Each year 9 billion tons of goods, representing more than 80% of globally exchanged goods are transported by sea.
Container placement optimization is today an important challenge for freight shipping companies. The ultimate goal is to make fewer container shiftings to save money.
Today, these companies use data terminal operating system, maintenance equipment system and equipment fleet which help them with container shifting operations. However, with modern technologies as Big Data and Machine Learning, we can do much better.
Every aspect of daily operations produces data, past shiftings, past, present and future orders, number of ships, capacity, maintenance operations etc… All these data can be taken into account in order to predict perfectly the future and optimize container placement.
More data can be also collected and taken into account in our prediction models:
The ultimate goal of a big data solution is finally to connect together all the data in order to correlate the impact of each of these data on container movement.
More data that we take into account when calculating a container movement prediction model :
For example, in France, the following day of a national football match will definitely impact the whole country’s productivity. Another example, the Ramadan will impact one-month activity.
In some regions, freight ships can cross difficult zones and have to take precautions before their load and unload operations. Political monitoring is important in container shifting.
Some ports are quicker than others for loading and unloading containers. Some are more expensive. Moreover, the free place within ports changes constantly. Therefore, in order to optimize container placement, all this information have to be taken into account.
Sea freights changes according to the supply & demand and also in function of the location. Many companies do not have the time to decide which cost will be the lower, they choose the easiest way.

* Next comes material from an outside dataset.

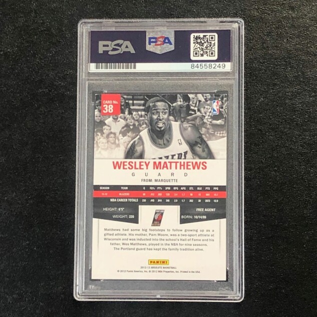 This listing features a 2012-13 Panini #38 Wesley Matthews, professionally PSA authenticated.

When it concerns thousands of containers, computers are better than humans to predict which containers should be full and which one half empty. Nowadays many containers are only half full when they are shifting. With a continuous monitoring, it will be possible to fill fully containers before they even arrived at the harbor.
The aim of Big Data Algorithms is to mix all the data together, including terminal operating system, cultural events and all the other available data.
If Predictive Algorithms are able to put all the data together in order to predict the best ways for a container to reach a place and predict new orders, they will also be able to predict the best container placement strategies at a level that had never been reached before.